However, same-store sales comparisons for the fourth quarter are reported on a comparable 14-week basis, and for the full year are reported on a comparable 53-week basis. Gross profit for the fiscal 2020 fourth-quarter increased 33% to $102.4 million, compared to $77.0 million in the fourth quarter the prior year. Our gross profit margin was 35.2% in the fiscal 2020 fourth quarter, compared to 31.6% in the fourth quarter of last year. The increase in gross profit margin largely reflects the higher merchandise margins that Steve mentioned, which increased 143-basis-points versus the prior year period — 243-basis-points versus the prior-year period.

The gross profit margin improvement also reflects reduced store occupancy and warehousing costs as a percentage of net sales, and to a lesser degree, the favorable impact of an insurance settlement, partially offset by lower distribution costs capitalized in the inventory for the quarter. Selling and administrative expense decreased $1.1 million in the fiscal 2020 fourth quarter versus the prior-year period, primarily due to lower print advertising expense and the favorable impact of an insurance settlement, partially offset by higher performance-based incentive compensation accruals. Selling and administrative expense as a percentage of net sales was 25.6%, representing a decrease of 530-basis-points versus last year, due to the combination of expense reductions and higher sales volume. Now, looking at our bottom-line, net income for the fourth quarter of fiscal 2020 increase to $21 million or $0.95 per diluted share, including a benefit of $0.10 per diluted share related to a favorable insurance settlement, and a benefit of $0.02 per diluted share related to a reduction in deferred tax asset valuation allowance.

This compares to net income of $0.4 million or $0.02 per diluted share in the fourth quarter of fiscal 2019, which included charges of $0.02 per diluted share. Now, briefly reviewing our fiscal 2020 full-year results. As a reminder, these full-year results include the negative impact of periods of significant store closures during the year associated with the COVID-19 pandemic.

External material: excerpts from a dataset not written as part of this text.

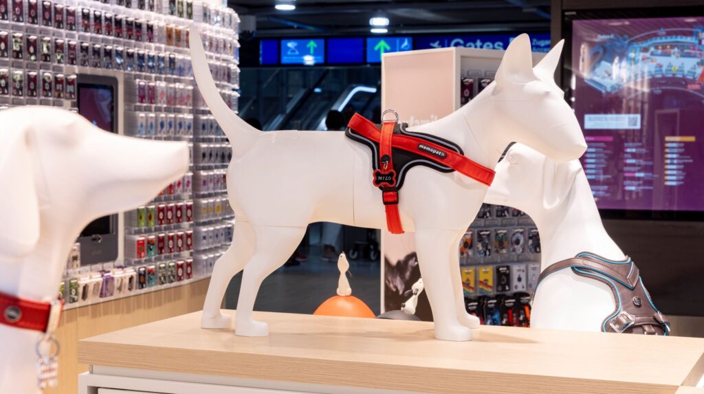 Düsseldorf Airport in Germany has opened a MyFamily pet accessory shop to offer lifestyle products for dog and cat owners such as personalized identification tags, collars, leashes and harnesses.
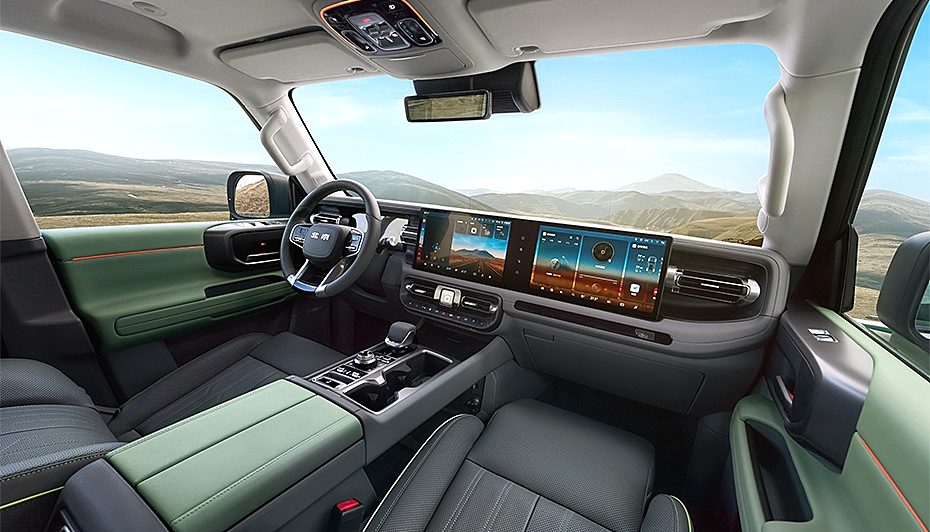 同时,BJ40增程版配备了包括10.25英寸液晶仪表盘、12.8英寸中控触摸屏和12.8英寸副驾娱乐屏。
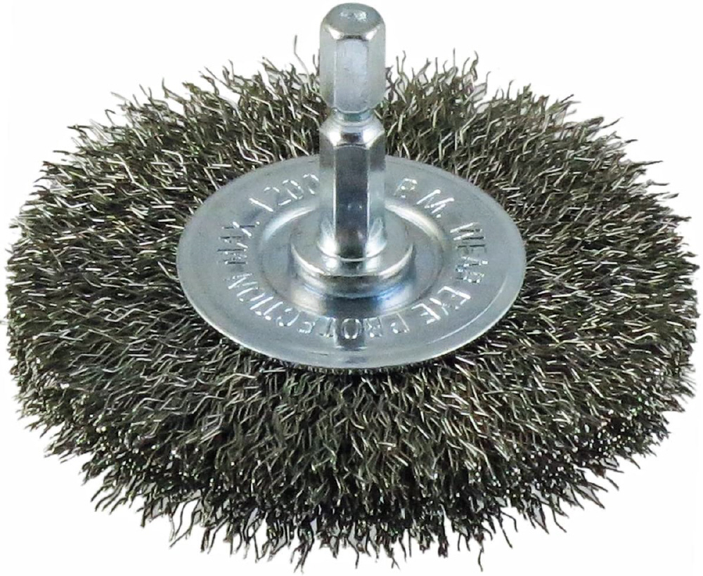 軸径:六角6.35mm。研磨部:75×20mm。線材:ステンレス線。最高回転数:4,500min-1。
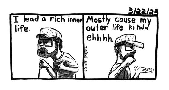 Was thinking how I use to be more slice of life comic, but these days it's more of an inner monologue.
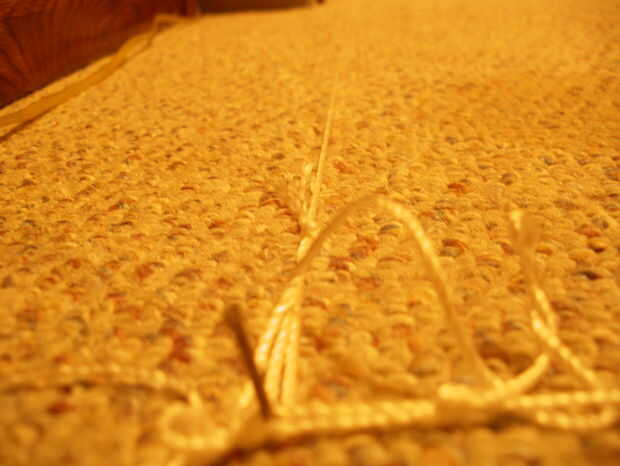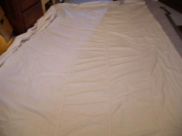 Una vez que se ha establecido el contorno de la vela en el piso, colocar su material. Comience con el borde de orillo contra la cadena externa sanguijuela que ha trazado. Estire la tela hasta que va más allá de la cabeza y el pie por lo menos 6 pulgadas. Luego cortar a la tela y ponga el resto en el borde de lo que sólo establecidas.
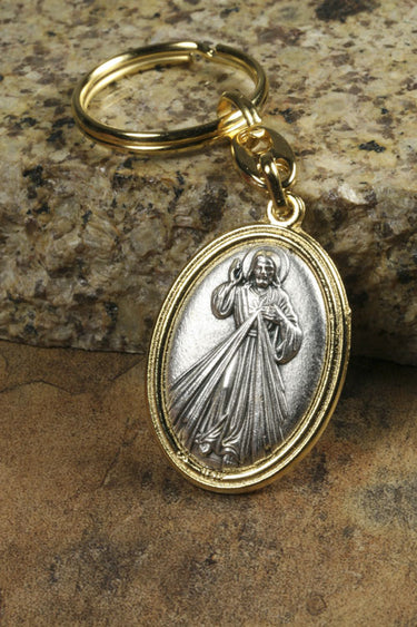 Divine Mercy Keychain | Gold-Tone Italian Catholic Medal | RosaryCard
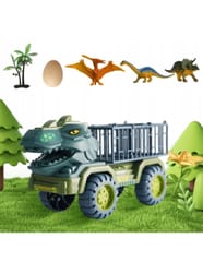 Prezentujemy wyjątkowy Transporter w kształcie dinozaura od marki Woopie — połączenie imponującej ciężarówki z motywem T‑Rex, które przenosi zabawę na zupełnie nowy poziom. Ten duży pojazd to nie tylko transport dla figurek, ale pełnoprawna scena narracyjna, w której dziecko może tworzyć własne przygody jurajskie i motoryzacyjne. Dzięki otwieranym klatkom, detalom w stylu łusek i pazurów oraz przestrzeni ładunkowej, transporter wygląda spektakularnie i angażuje w kreatywną zabawę. Jego zaletą jest solidność konstrukcji i szczegółowe wykonanie. Korpus pojazdu stylizowany jest na skórę dinozaura — z fakturą łusek, efektowną paszczą i grzebieniem grzbietowym. Kolory dobrane są tak, by podkreślać naturalistyczny charakter maszyny, a jednocześnie wyglądać atrakcyjnie w dziecięcym pokoju. Materiały użyte do produkcji są trwałe, odporne na uderzenia i bezpieczne dla dzieci — bez ostrych krawędzi i z zaokrąglonym wykończeniem. Same figurki dinozaurów dołączone do zestawu są lekkie i dopasowane do małych rąk, co pozwala na łatwą manipulację i płynną zabawę. To zabawka, która łączy motyw dinozaura i transportu, stymuluje wyobraźnię, rozwija zdolności manualne, logiczne myślenie i radość z odgrywania własnych historii.
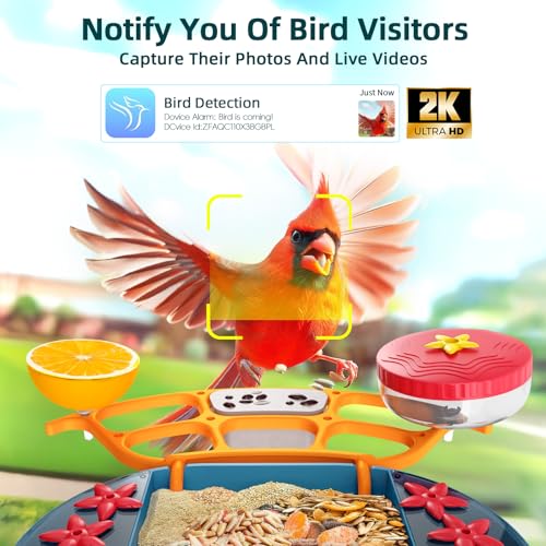 Advanced AI Identify & Clear 2K Video:Smart bird feeder with camera can identify 10000+ bird species using the world's most advanced AI algorithms. The 2K resolution allows you to get high-definition pictures and videos both day and night. The bird feeder camera only supports stable 2.4ghz Wi-Fi, so you'll never have to worry about losing signal and missing out on great moments
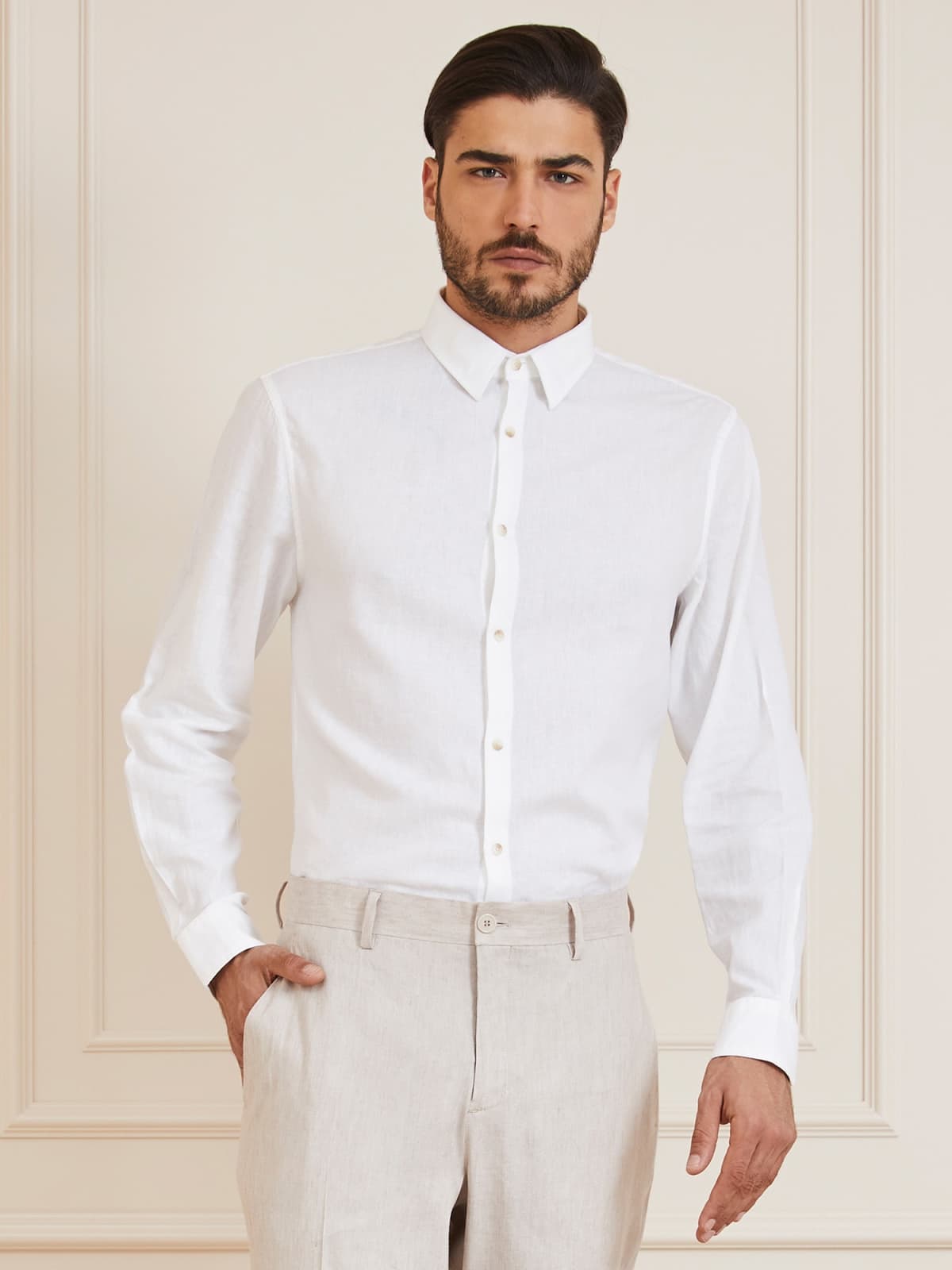 Linen blend shirt.Italian collar.Long sleeves.Regular fit.Buttons fastening. Picture shows size 42.Total length: 81 cm / 31.89 inch.Sleeve length: 67 cm / 26.38 inch.

As previously reported, net sales were $1.04 billion, compared to net sales of $996.5 million for the fiscal 2019 full year.

Same-store sales increased 3% in fiscal 2020 versus the prior year, despite the pandemic-related store closures. Net income for fiscal 2020 was $55.9 million or $2.58 per diluted share, which comparison net income for fiscal 2019 to $8.4 million or $0.40 per diluted share. Turning to the balance sheet. Our merchandise inventory at the end of fiscal 2020 was down 19.2% compared to the prior year.

This reduction in inventory reflects a strong sell-through of summer products combined with the dynamic that demand continues to outpace supply for many of our high-performing product categories. Our buying team works closely with our vendors to obtain key merchandise, but like many other retailers, we are managing through widely reported disruptions in the supply chain. As Steve noted during the first quarter to date, we have had a strong sell-through of our winter-related product inventory. As a result, our inventory levels continue to trend lower on a year-over-year basis.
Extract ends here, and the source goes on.